Catching the Plane

One of the most challenging aspects of developing the new UI has been making sure that everything ends up loaded into the airplane before it takes off. Confused? Let me explain.

Sometimes I think about shipping Office like an airplane taking off. Our job is to load up the plane with the right passengers, the right luggage, enough soda and snacks, professional pilots, lavatory service, and great in-flight entertainment.

But once the airplane takes off, it's gone--there's no turning back. It's going to land at its destination regardless of if all the pretzels came on board. The insect which flies in through the airplane door two seconds before it closes ends up halfway around the world at the plane's final destination. On the other hand, a piece of luggage which is late to the plane by thirty seconds misses the destination entirely and can only be returned with a great deal of cost and effort.

Our job, then, is to make sure that all of the features find their way onto the plane before it takes off. With so many features buried in menus, toolbars, Task Panes, context menus, and the command well in Office 2003, there are thousands of moving parts to track. Sure, we'll make sure that Bold finds its way to Sydney, but what about "Collapse Subdocuments?"

We have a number of systems in place to triangulate this problem and to help ensure that we don't leave anything behind. We have documents which track every visible piece of UI in Office 2003 in all languages and editions and where it's moved to in the new version. How do we create these documents? Someone manually goes through every menu and toolbar, noting everything they find.

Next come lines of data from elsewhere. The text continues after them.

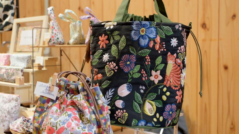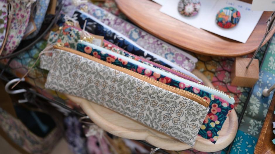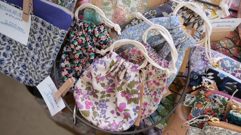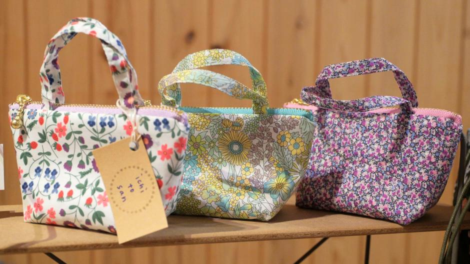 魅力たっぷりのリバティプリントを贅沢に使って、アクセサリーやポーチなど使い勝手の良い作品をたくさん作られている「ichi to san」さんです。
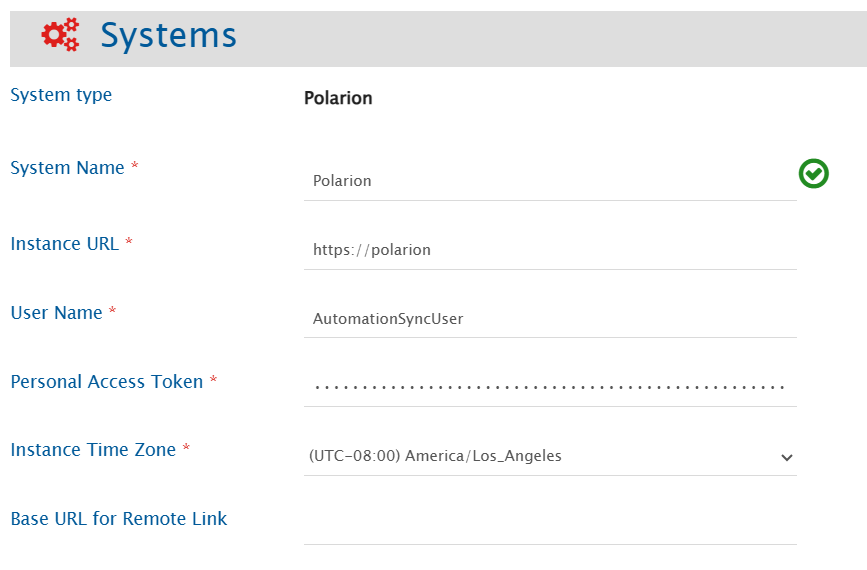 | **Base URL for Remote Link** | Always                    | <p>Provide a different instance URL of the Polarion instance. This URL will be used for generating the Remote Link.<br>Note: If "Base URL for Remote Link" is empty, it will use default <strong>Instance URL</strong> to generate remote link if configured on integration.</p> |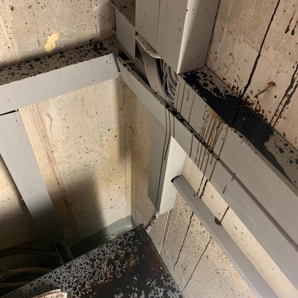 In einem Aufzugsschacht ausgelaufene Würzsauce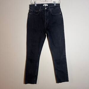 RE/DONE 90's High Rise Ankle Crop Jean Faded Black Stretch Denim Size 28 Raw Hem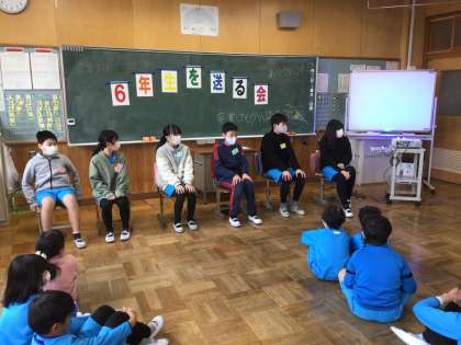 3時間目に6年生を送る会が行われました。ジェスチャー伝言ゲームで盛り上がりました。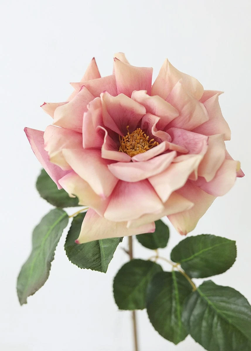 Bring elevated beauty to your artificial floral arrangements and wedding flower bouquets with nature-inspired faux botanicals. This real touch open Dutchess rose stem in dusty mauve is truly stunning.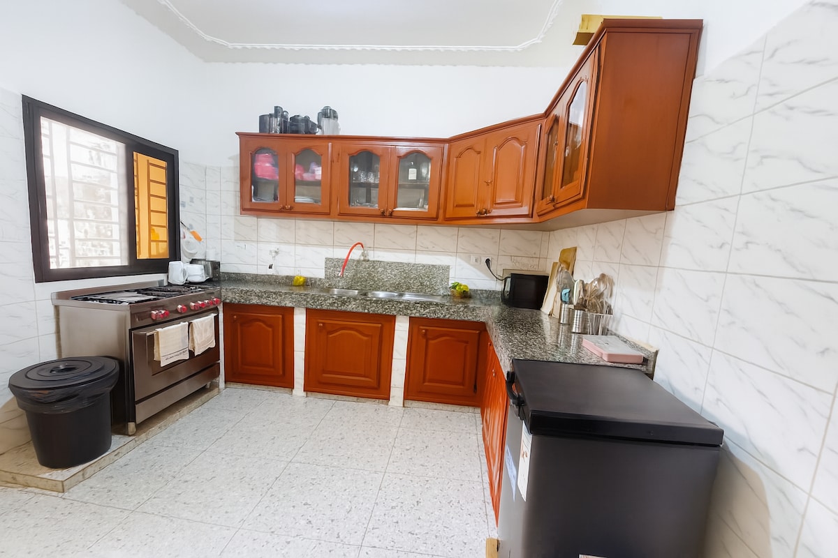 Fáilte go dtí ár n-árasán cois bóthair slán inrochtana go héasca in Douala. Anseo, cinntítear do shuaimhneas intinne a bhuí le garda 24 uair an chloig agus córas monatóireachta cianda. Tá seomra suí agus seomra leapa le teilifís, cistin lánfheistithe, Wi-Fi gan teorainn agus gineadóir san árasán. Is féidir leat taitneamh a bhaint as limistéar lasmuigh chun do scíth a ligean freisin. Dá bhrí sin, is áit shábháilte, chompordach agus mhisniúil í do d'fhanacht.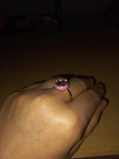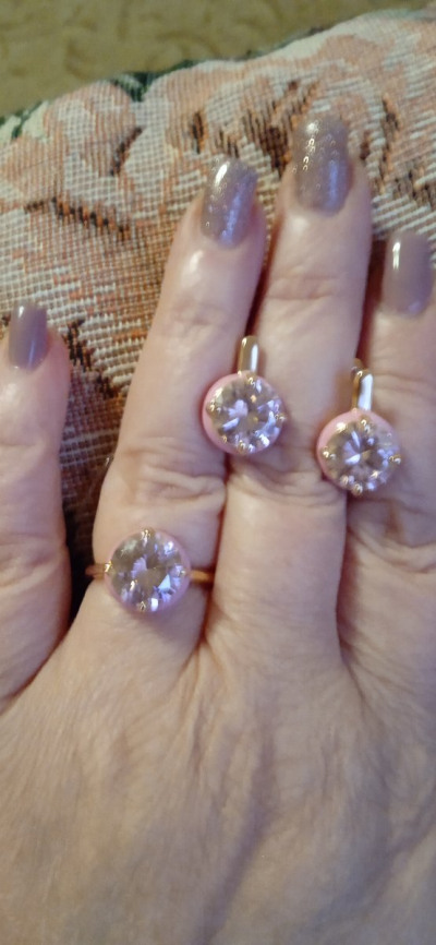 Кольцо купила в комплект к серьгам. Крупный розовый камень, переливается. Очень красивое колечко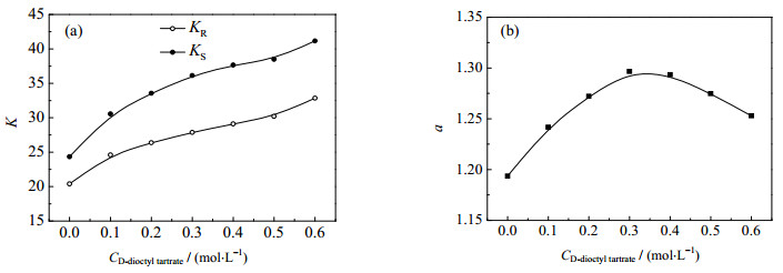 图 4 D-酒石酸二辛酯浓度对分配系数(a)和选择性系数(b)的影响 Fig.4 Effects of D-dioctyl tartrate concentrations on distribution coefficients (a) and enantioselectivity (b) |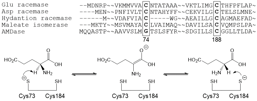 AMDaseの配列を用いてホモロジー検索を実施したところ、アミノ酸ラセマーゼや各種イソメラーゼと低いながらも相同性を示した (図4)。アミノ酸ラセマーゼに関しては詳細な反応機構が解明されており、2つのシステインが共同してプロトンの引き抜きと供与を行う二塩基機構が提唱されている。AMDaseとラセマーゼの配列を比較すると、AMDaseの活性中心にはシステインがひと一つしか存在しないことがわかる。そこで、エノール中間体に対して一方の面からのみシステインがプロトン供与を行い、光学活性なカルボン酸が生成するのではないかと推定した。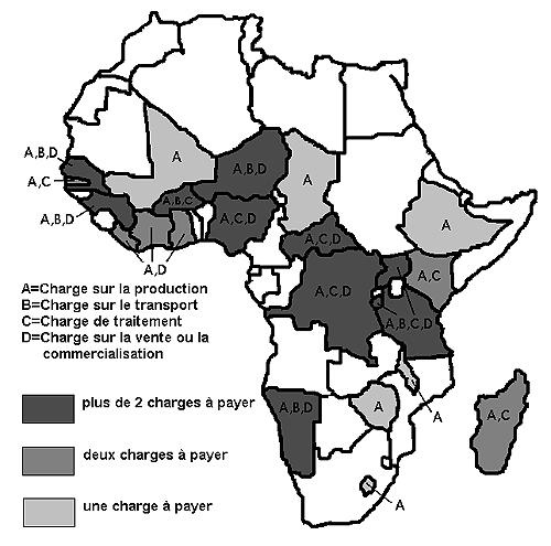 La production des produits forestiers se déroule le plus souvent en plusieurs étapes, le processus commençant avec la récolte des matières premières dans la forêt et s’achevant avec la vente du produit fini. Des recettes peuvent être collectées à un ou plusieurs de ces stades. C’est là le deuxième facteur qui explique les variations considérables entre les régimes fiscaux forestiers en vigueur dans les différents pays africains.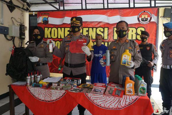 Dari tangan tersangka diamankan sejumlah barang bukti hasil pencurian yang dilakukannya. Barang bukti tersebut diantaranya berbagai jenis sparepart kendaraan, berbagai jenis dan merk oli kendaraan botolan, bor dan mata bor, aki serta tas gendong motif doreng.

We also have a SQL database which tracks all of the commands programmatically and can spit out a list of where in the UI each feature is accounted for. This database also backs the various migration tools we're making available such as the Ribbon Mapping Tool--a clickable simulation of the old UI and new UI used to help locate any command in the product.

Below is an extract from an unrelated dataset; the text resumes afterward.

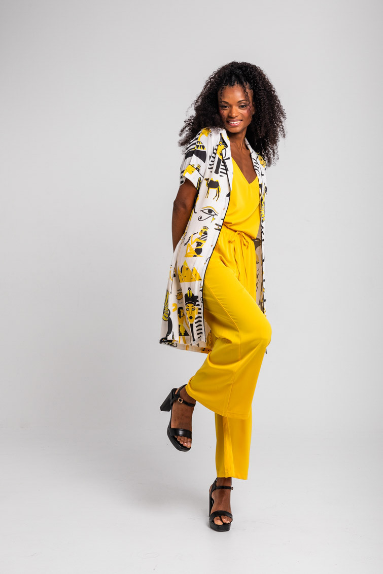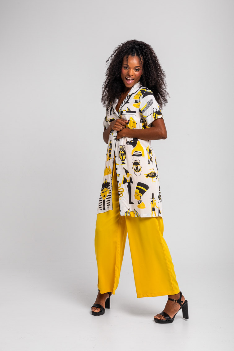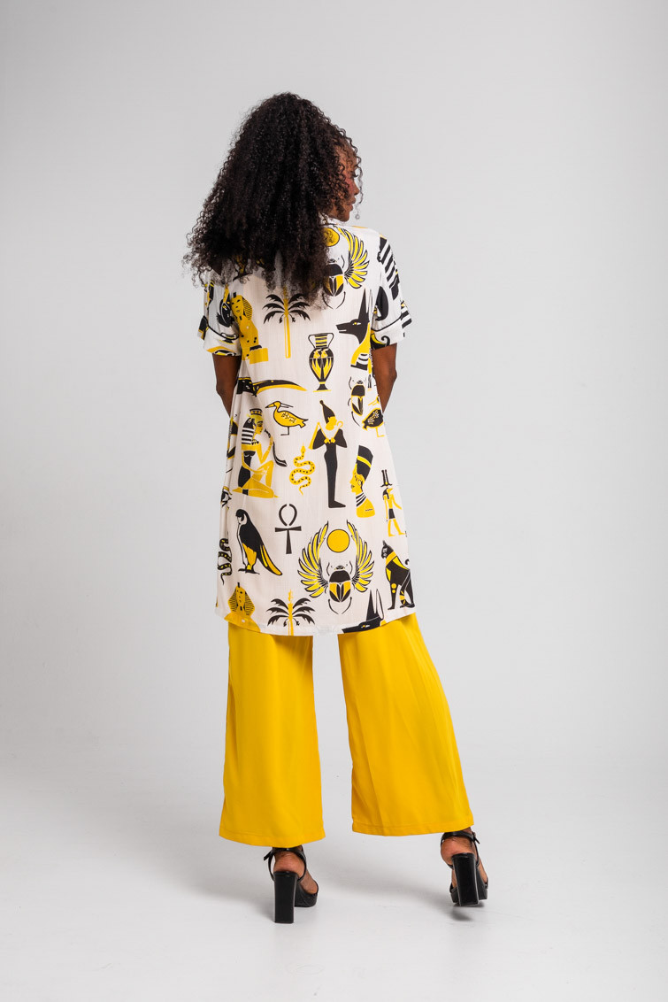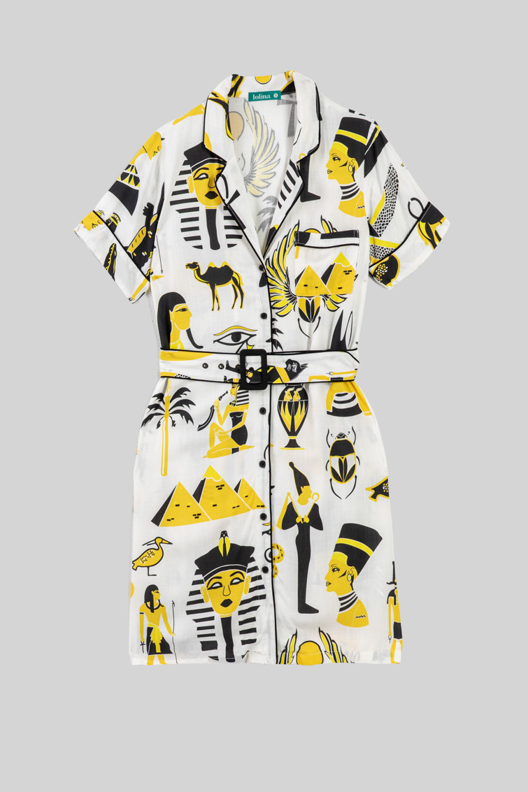 Vestido camisero corto ribetes blanco de elementos egipcios - La Faraona

Just like with baggage moving through the bowels of the airport, being routed, security screened, and weighed, each feature has a set of trials it goes through before it can be marked as "ready to go."

For example, each top-level feature needs a Super Tooltip: a brief summary of what the feature does and why you might want to use it. We wrote well over a thousand of these. We also created tooltip pictures to help better explain certain features.

Every feature needs an icon in several sizes and color depths. In most cases, the hardest part of this process is developing a metaphor to illustrate what a feature does.

Every feature needs to be checked to ensure that it uses proper spelling, branding, and capitalization. We use Title Case for features exposed through the Ribbon. In dialog boxes, we use sentence case for labels and Title Case for push buttons. This review is underway internally as I write. Every label fixup in the product then needs to be translated into every language in which Office will ship.

Help then needs to be written about the location of each feature, and that help needs to be translated into each of our supported languages.

We have to get all of Office's features accounted for, beautified, documented, localized, and on the airplane before the cabin doors close and the plane taxis to the runway.

It's a part of the job that requires painstaking meticulousness and coordination between many people to ensure that the luggage isn't lost.